3) Один читатель на днях ничего мне не писал, а просто за одну минуту прощёлкал мои произведения, показав порядок просмотра (это отображается в «Списке читателей», и такой «способ общения» мне тоже давно уже известен), получилась интересная штука.
Сначала у него в просмотрах стоит моё «Пасхальная прогулка бродяг и не только», затем — «Повтор Дневника 18.03.2015 – 21.04.2015» (последняя дата уже изменена на самую новую), и затем — мой стих «Марионетки». Таки образом, он показал мне моими же словами, в чём, с его точки зрения, заключается суть ВСЕГО происходящего (и описанного в первых двух моих произведениях). Стих с эпиграфом из Макаревича (созданная ныне «одиозность» его имени значения не имеет) я приведу здесь полностью.
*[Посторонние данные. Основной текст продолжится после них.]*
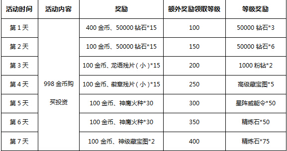 【活动内容】:花费998金币投资,100%返还加送更多奖励!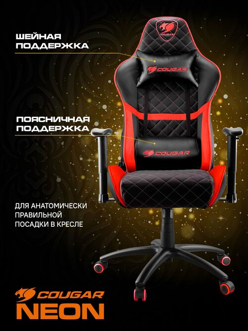 Кресло игровое Cougar Neon Красный - это стильное и комфортное кресло, специально разработанное для геймеров. Оно обладает удобным дизайном, эргономичной формой и регулируемыми элементами, которые позволяют настроить кресло под себя.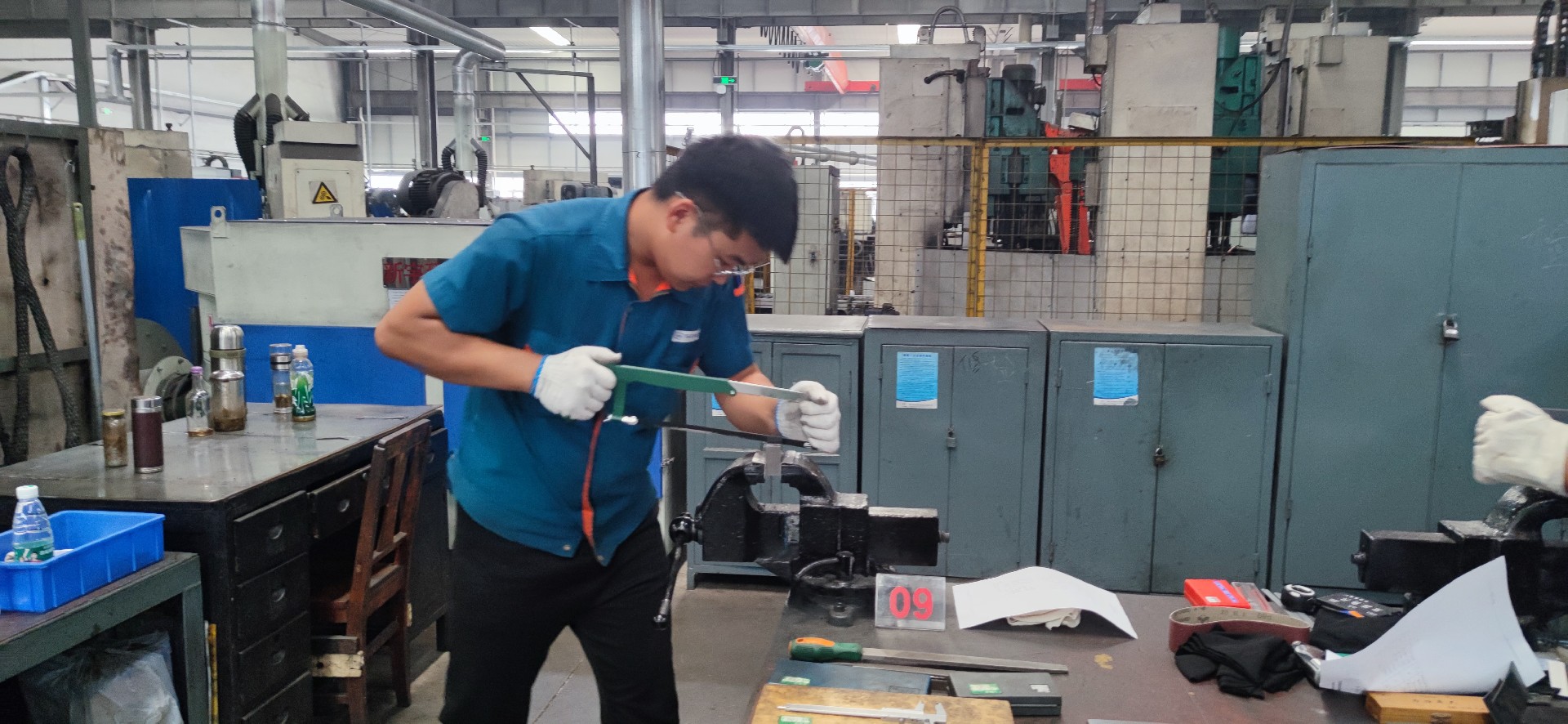 決戰於毫厘之(zhī)間,鉗工在企業(yè)裏稱(chēng)為(wéi)萬(wàn)能工,一位(wèi)優秀的(de)鉗工必須掌握應有的基本(běn)技能。本次競賽試題存在(zài)難度(dù),成績並不理想,跟目前數(shù)控(kòng)化嚴重有一定關係,也跟基本功缺少重視有關。我(wǒ)們(men)必須找到(dào)差距,克服困難,保(bǎo)留傳統(tǒng),勤練基本功。後續公司將借尊師愛(ài)徒傳技學藝”活動月的時機,安排傳技(jì)學藝技術講座,勤鑽研,練本領,交流(liú)經驗,共同提高。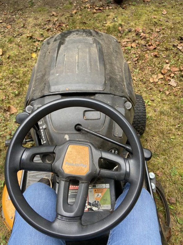 My house sits on about 2/3 acre, and luckily, my dear neighbor lets me borrow her riding mower when I need to mow.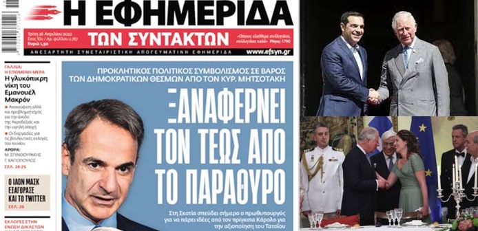 Έτσι το κύριο άρθρο της ΕφΣυν μας πληροφορεί ότι σε ένα μήνα συμπληρώνονται 5 χρόνια από τον θάνατο του Κωνσταντίνου Μητσοτάκη και ο γιός του Κυριάκος επιθυμώντας να τιμήσει «αναθέτει τώρα στον πρίγκιπα Κάρολο της Ουαλίας την “αξιοποίηση” του Τατοΐου» κάτι που δεν ισχύει δεδομένου ότι το πρώην ανάκτορο αξιοποιείται από το Υπουργείο Πολιτισμού. Και το κύριο άρθρο συνεχίζει: «Με την ανάθεση ιδιαίτερου ρόλου για το Τατόι στον Κάρολο ο πρωθυπουργός έρχεται σε ευθεία αντίθεση με την τελεσίδικη απόφαση της ελληνικής πολιτείας το 1994, αλλά και με την κήρυξή του ως διατηρητέου από το Κεντρικό Συμβούλιο Νεωτέρων Μνημείων.»

Итак, мой стих —
«Марионетки», http://www.stihi.ru/2013/04/15/8484 :



Краски стерты, лица тусклы,
то ли люди, то ли куклы,
взгляд похож на взгляд, как тень на тень.
<…>
До чего ж порой обидно,
что хозяина не видно, –
вверх и в темноту уходит нить.
Куклы так ему послушны!
И мы верим простодушно
в то, что куклы могут говорить.
А. Макаревич



А хозяин и не нужен.
Дело здесь гораздо хуже:
не заметив собственную нить
и того, что ей послушны,
КУКЛЫ верят простодушно
в то, что могут сами говорить.


Здесь простят, а там осудят
то ли куклы, то ли люди,
веру выбирают и мечту,
и рыдают, и смеются,
любят, ссорятся, дерутся…
Нить уходит вверх и в темноту.


Пару кукол поманили
и тихонько предложили
собственный устроить балаган.
Вот потеха происходит! –
куклы сами кукловодят,
дешево купившись на обман:


забавляются другими,
как игрушками живыми,
«мир меняют», празднуют успех,
упиваются по ходу
«властью» и своей «свободой»…
Нить уходит в темноту и вверх.


Весь сценарий жестко схвачен,
каждому свой час назначен,
а в конце спектакля – тлен и прах:
«Кукол снимут с нитки длинной
и, засыпав нафталином,
в виде тряпок сложат в сундуках».


Вроде, и спросить неловко:
как бы эту постановку
отменить, испортить, прекратить?
Если куклы – извините,
если люди – то без нити
лучше бы и умирать, и жить.



Вот, в чём с точки зрения читателя заключается суть всех этих событий. А я добавлю, что в этом же — и суть всего, что происходит в НЫНЕШНЕМ мире, НЫНЕШНЕЙ «жизни», НЫНЕШНЕЙ стране.
Каким там вопросом мучился Принц Датский? —
«Быть иль не быть? — вот в чём вопрос…» ?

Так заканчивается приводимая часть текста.